Being the nice guy that he was, he smiled and wagged a finger at us as he raised his bushy eyebrows and said "ah, but there is no drinking in public." To which we said "oh, really? I had no idea." We waited till he walked away and guzzled the rest of our beer from our empty kebab sleeves before running away. 

Wednesday, October 1, 2008

Polska, Pierogies, and Piwo, part 2






As Nowa Europa(New Europe) modernizes in its economic rebirth, Poland's strong culture and national identity will be a major influence on the region and the world's perceptions of it. Krakow, a classical polish city full of culture and untouched by World War II, is bursting with life and is the proud home of Jagiellonian University, the second oldest university in Europe. Expect more of Poland, they are just getting started.
Above, from top to bottom: Polish National Hacky-Sack Champion Matteusz foot juggles a tiny bean-bag soccer ball outside the Sukiennice(or 'Cloth Hall' where tourists shops sell goods) on the evening of September 26th; clubbers wait in line for the Nova Club on the Plac Nowy at 11 pm on September 27th; outside the Galeria Krakowska shopping mall next to Krakow's train station on the evening of September 28th; THE BEST KIELBASA you'll ever eat is on Ulica Gregorzecka between the train station and Kazimierz, the name of the business is 'Kielbasa y Bulka' which literally means "Sausage and Roll" and that's exactly what you get, best kept secret in Krakow and great after a few beers(piwo); and a fire juggler entertains a crowd to the beat of drums and morrocas in the Rynek Glowny on the evening of September 28th.

Tuesday, September 30, 2008

Polska, Pierogies, and Piwo, part 1






Ah, Krakowie, moj ulubiony miasto. Of all the places I've traveled in the world(26 countries as of this July), Krakow still takes the cake for my favorite cities.
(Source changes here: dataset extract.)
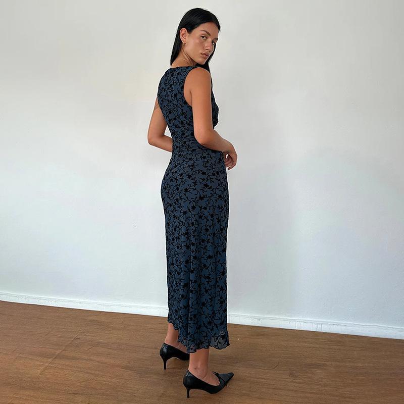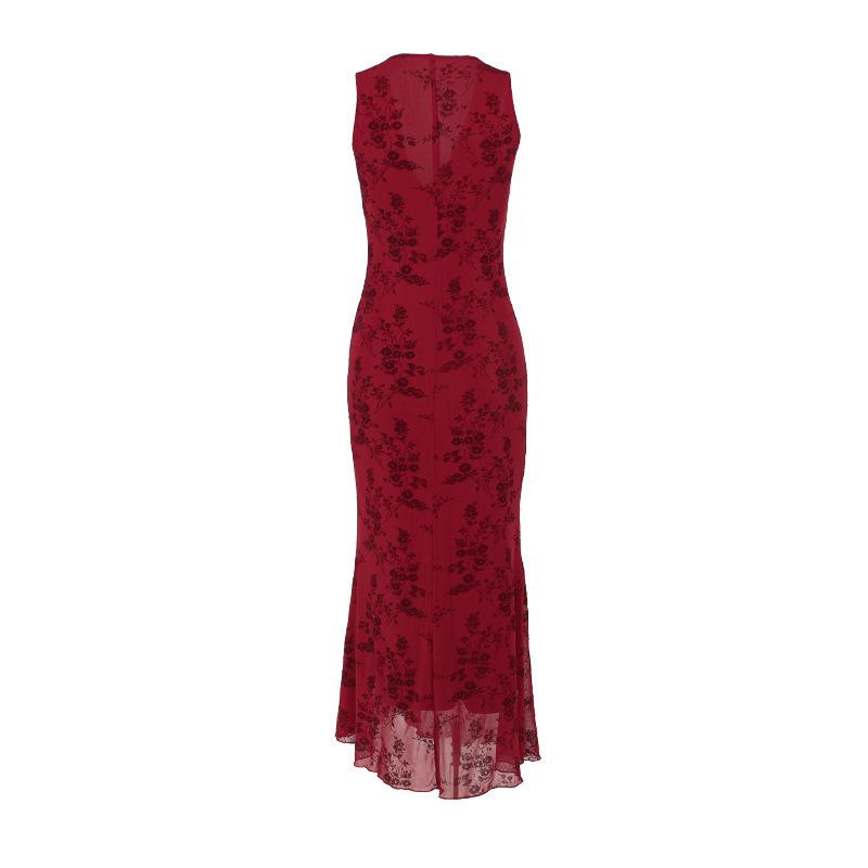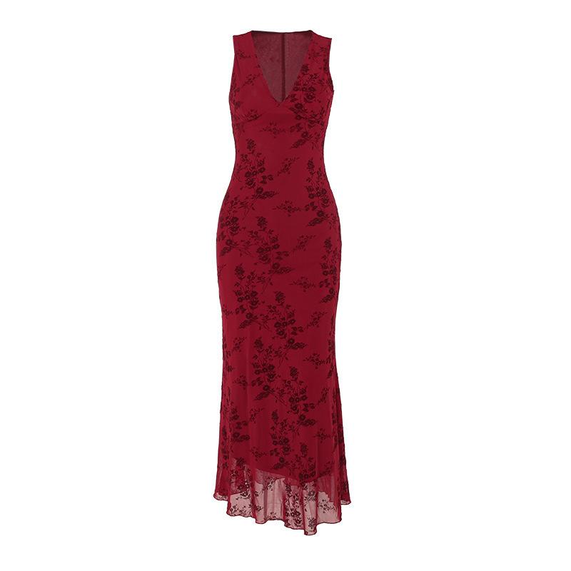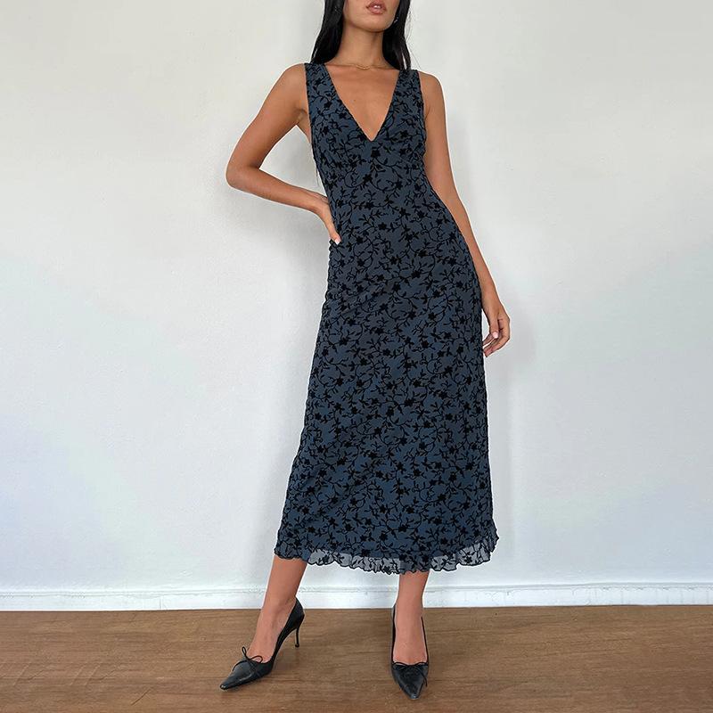 Yj24243 Verano 2024 Nuevo Falda Larga de Cintura Ajustada Estilo Europeo y Americano Moda Vestido de Tirantes Estampado Cuello en V para Mujer

The culture of Paris, the style of Rome, and more fun than Six Flags, Krakow may always be my favorite city. Amanda and I had a blast. 
Above, from top to bottom: the Rynek Glowny(ri-nik gwoov-nee; "main square") in downtown Krakow(pronounced "Crack-koov"), some polish bridesmaids admire the queen of the day(best viewed large), two jugglers entertain hundreds of Walk for Life participants in the planty(a ring of gardens and walkways encircling the downtown area), Amanda and me moments after she got off her train, and a homeless man who demanded money(had only Kopecs, Ukrainian coins) at 5 am. 
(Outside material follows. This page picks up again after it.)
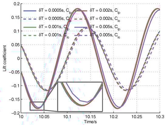 Verification of the lift coefficient with different time steps ( is the time step; and is the lift coefficient on the plate and the cylinder, respectively).

Monday, September 29, 2008

Pierogi Food Poisoning



From emedicinehealth.com:
Short episodes of vomiting and small amounts of diarrhea lasting less than 24 hours can usually be cared for at home.Do not eat solid food while nauseous or vomiting but drink plenty of fluids. Small, frequent sips of clear liquids (those you can see through) are the best way to stay hydrated. After successfully tolerating fluids, eating should begin slowly, when nausea and vomiting have stopped. Plain foods that are easy on the stomach should be started in small amounts. Consider eating rice, wheat, breads, potatoes, low-sugar cereals, lean meats, and chicken (not fried) to start.
To all: I'm OK, but sick. I cancelled all of my classes today after getting food poisoning from some meat pierogies I ate before I left Krakow. The above pictures pretty much describe my day, but I have lots to post about Krakow. Despite feeling pretty crappy, I had a great trip and wonderful weather! Thanks Amanda!

Thursday, September 25, 2008

In Krakow this weekend

I'll be in Krakow this weekend with my friend Amanda. We'll be eating kielbasa, drinking Zubrowka(won't those pictures be fun) and getting in hot woda. I'll be back on Monday, enjoy the new posts below!